▸ **TASK REQUIREMENTS**: Transcribe the whole listing exactly, but do not carry over its pictures.

▸ **DATA EXCERPTS**:
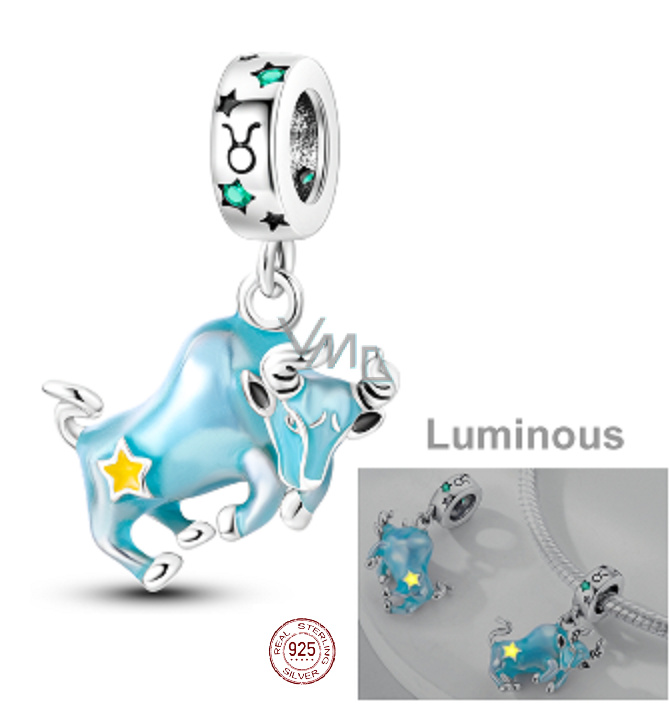 Charm Sterlingové stříbro 925 Znamení zvěrokruhu Býk, zářící ve tmě luminozní přívěsek na náramek
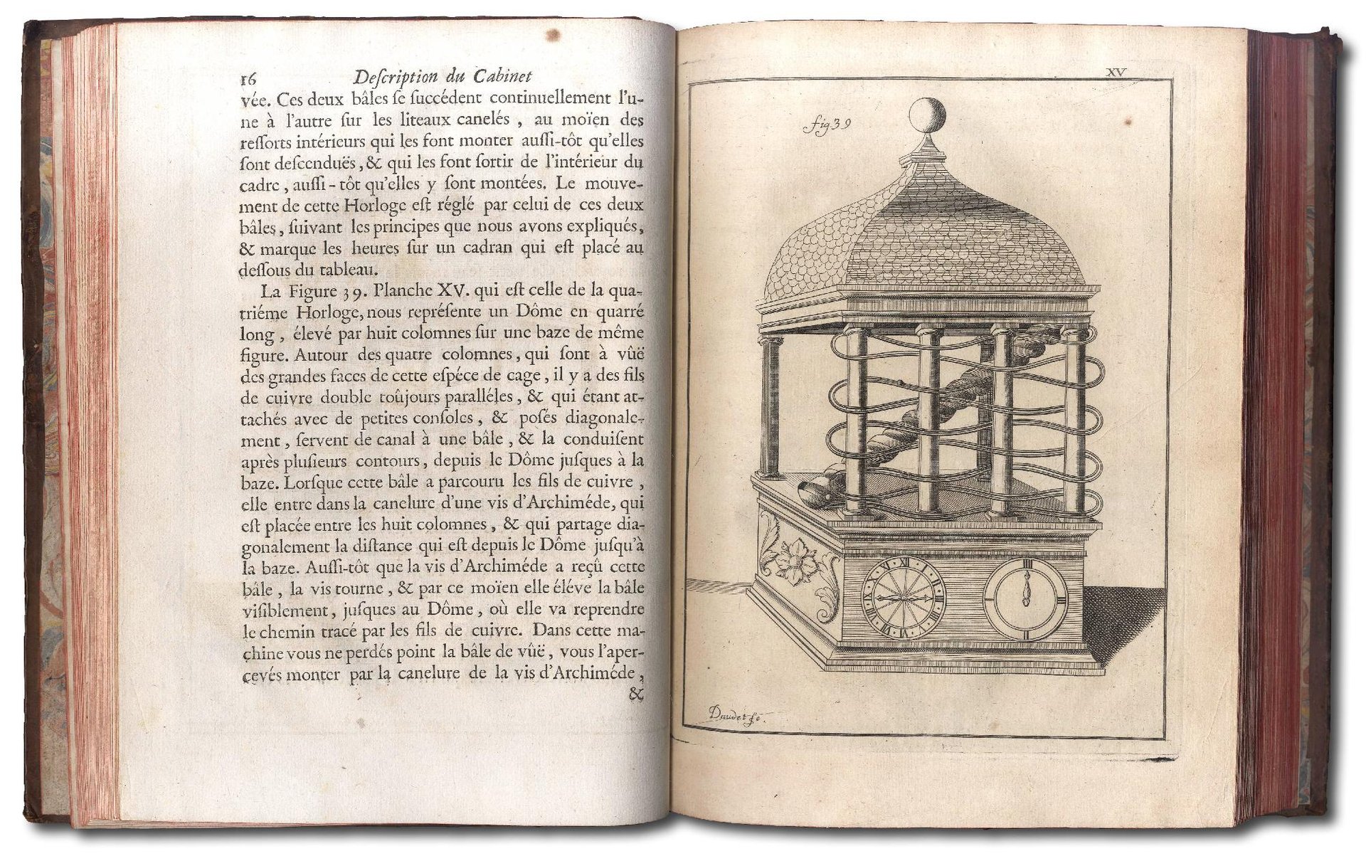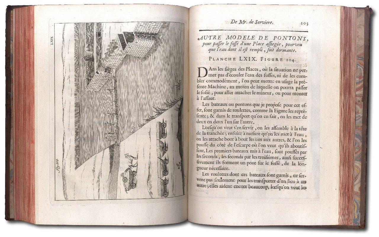 >in-4 (250x185 mm), pp. (24), 152, (8), leg. del tempo p. pelle marmorizz., dorso a nervi con tit. e fregi oro, tagli rossi (difetti alla cuffia super. e ad uno spigolo). Con 93 belle tav. inc. in rame f.t. (num. I-LXXXVIII, ma le tav. 39, 48 e 76 non sono apparse in origine, come avverte apposita nota rispettivamente a pag. 58, 70 e 113; invece le tav. 31, 52, 56 e 72 sono doppie e la n. 84 è quadrupla) raffiguranti per lo più macchine da guerra, sia d'attacco che difesa, idrauliche, per costruire ponti, mulini ad acqua, a vento ed a braccia, ed una serie di orologi di forma varia e curiosa (v. pp. 13-33 e tav. XIII-XXI). Seconda edizione (la prima era apparsa nel 1719, con sole 85 tavole) di opera famosa concernente la scienza e la tecnica, soprattutto le macchine curiose, importante e rara; in essa l'autore (1677-1745, discendente della famiglia del celebre bibliofilo e legatore Jean Grolier) descrive quegli straordinari macchinari che il nonno aveva raccolto nel proprio gabinetto a Lyon. Dedica al Duca d'Orléans, preceduta da elegante testatina con stemma ed iniz. inc. Ottimo esemplare. Olschki, Choix, I, 1605 e Berlin Kat. n.1784 (per la I ediz.). Wheeler Gift 369.
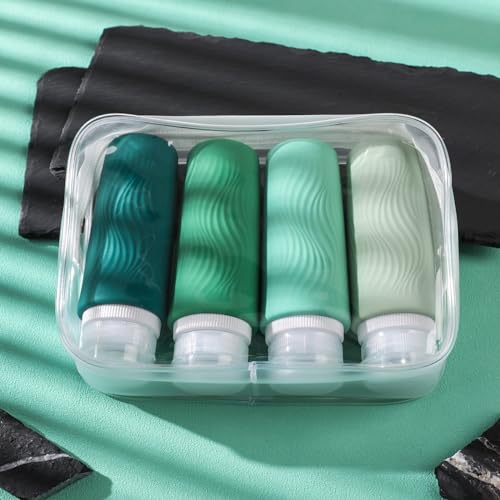 TSA carry on approval: 4 pack 3oz silicone travel bottles, very suitable for shampoo, conditioner, shower gel, lotion, hand sanitizer and shower gel. It is equipped with a high-quality zipper transparent wash bag, which saves space and allows you to travel long distance freely like a professional.
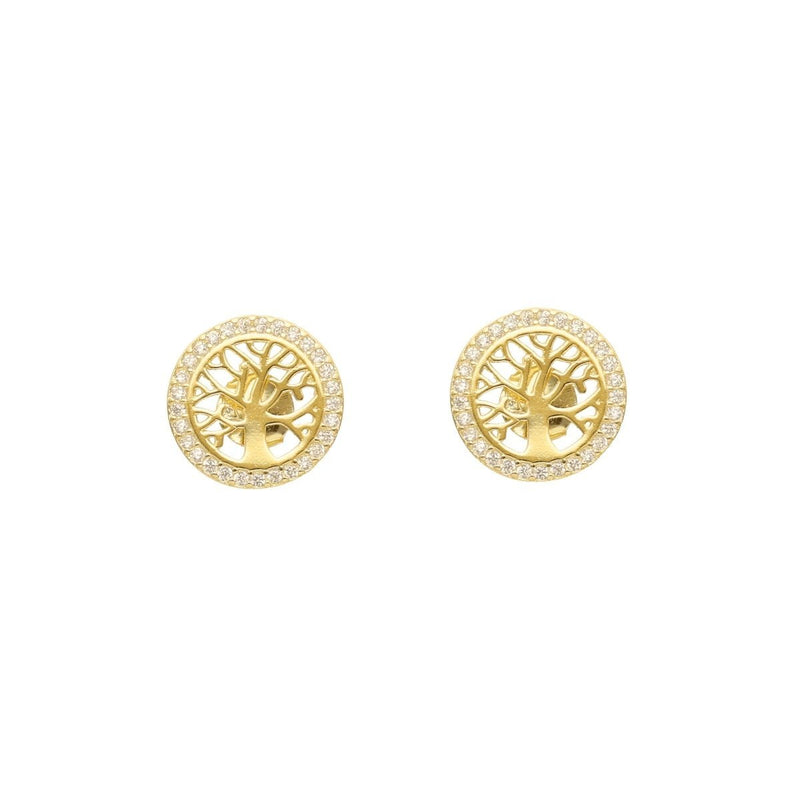 Brincos em Prata 925 Dourada com Arvore da vida cravejada de elegantes Zircónias
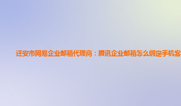 2024-03-14迁安市网易企业邮箱代理商:腾讯企业邮箱怎么绑定手机客户端 腾讯企业邮箱是目前非常流行的企业邮箱服务之一,在使用过程中,很多用户都会遇到如何绑定手机客户端的问题。下面我们就以迁安市网易企业邮箱代理商的身...
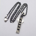 チェーンの長さ:45cm 棺桶型のプレートに6つのピラミッドスタッヅを配置したデザイン。 ドライでスタイリッシュな印象。
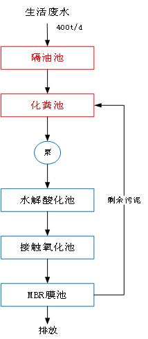 2.根據(jù)該公司污水特點,針對廢水的性質,生產(chǎn)廢水采用隔油池+化糞池+水解酸化池+接觸氧化池+MBR膜池,出水排放。
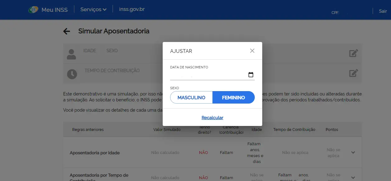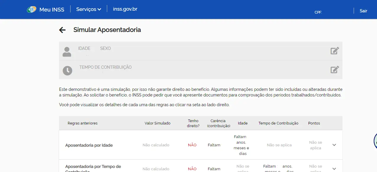 Pela simulação, o beneficiário consegue visualizar todas as regras em que se enquadra e em qual delas tem direito à aposentadoria ou não. O sistema indica automaticamente qual a opção mais vantajosa para o beneficiário.
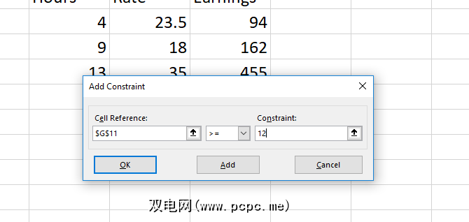 要添加约束,请单击约束列表旁边的添加按钮。您会看到一个新窗口。在 Cell Reference 字段中选择要约束的一个或多个单元格,然后选择一个运算符。

▸ **COMPLETED EXERCISE**:
 Charm Sterlingové stříbro 925 Znamení zvěrokruhu Býk, zářící ve tmě luminozní přívěsek na náramek
 >in-4 (250x185 mm), pp. (24), 152, (8), leg. del tempo p. pelle marmorizz., dorso a nervi con tit. e fregi oro, tagli rossi (difetti alla cuffia super. e ad uno spigolo). Con 93 belle tav. inc. in rame f.t. (num. I-LXXXVIII, ma le tav. 39, 48 e 76 non sono apparse in origine, come avverte apposita nota rispettivamente a pag. 58, 70 e 113; invece le tav. 31, 52, 56 e 72 sono doppie e la n. 84 è quadrupla) raffiguranti per lo più macchine da guerra, sia d'attacco che difesa, idrauliche, per costruire ponti, mulini ad acqua, a vento ed a braccia, ed una serie di orologi di forma varia e curiosa (v. pp. 13-33 e tav. XIII-XXI). Seconda edizione (la prima era apparsa nel 1719, con sole 85 tavole) di opera famosa concernente la scienza e la tecnica, soprattutto le macchine curiose, importante e rara; in essa l'autore (1677-1745, discendente della famiglia del celebre bibliofilo e legatore Jean Grolier) descrive quegli straordinari macchinari che il nonno aveva raccolto nel proprio gabinetto a Lyon. Dedica al Duca d'Orléans, preceduta da elegante testatina con stemma ed iniz. inc. Ottimo esemplare. Olschki, Choix, I, 1605 e Berlin Kat. n.1784 (per la I ediz.). Wheeler Gift 369.
 TSA carry on approval: 4 pack 3oz silicone travel bottles, very suitable for shampoo, conditioner, shower gel, lotion, hand sanitizer and shower gel. It is equipped with a high-quality zipper transparent wash bag, which saves space and allows you to travel long distance freely like a professional.
 Brincos em Prata 925 Dourada com Arvore da vida cravejada de elegantes Zircónias
 2024-03-14迁安市网易企业邮箱代理商:腾讯企业邮箱怎么绑定手机客户端 腾讯企业邮箱是目前非常流行的企业邮箱服务之一,在使用过程中,很多用户都会遇到如何绑定手机客户端的问题。下面我们就以迁安市网易企业邮箱代理商的身...
 チェーンの長さ:45cm 棺桶型のプレートに6つのピラミッドスタッヅを配置したデザイン。 ドライでスタイリッシュな印象。
 2.根據(jù)該公司污水特點,針對廢水的性質,生產(chǎn)廢水采用隔油池+化糞池+水解酸化池+接觸氧化池+MBR膜池,出水排放。
 Pela simulação, o beneficiário consegue visualizar todas as regras em que se enquadra e em qual delas tem direito à aposentadoria ou não. O sistema indica automaticamente qual a opção mais vantajosa para o beneficiário.
 要添加约束,请单击约束列表旁边的添加按钮。您会看到一个新窗口。在 Cell Reference 字段中选择要约束的一个或多个单元格,然后选择一个运算符。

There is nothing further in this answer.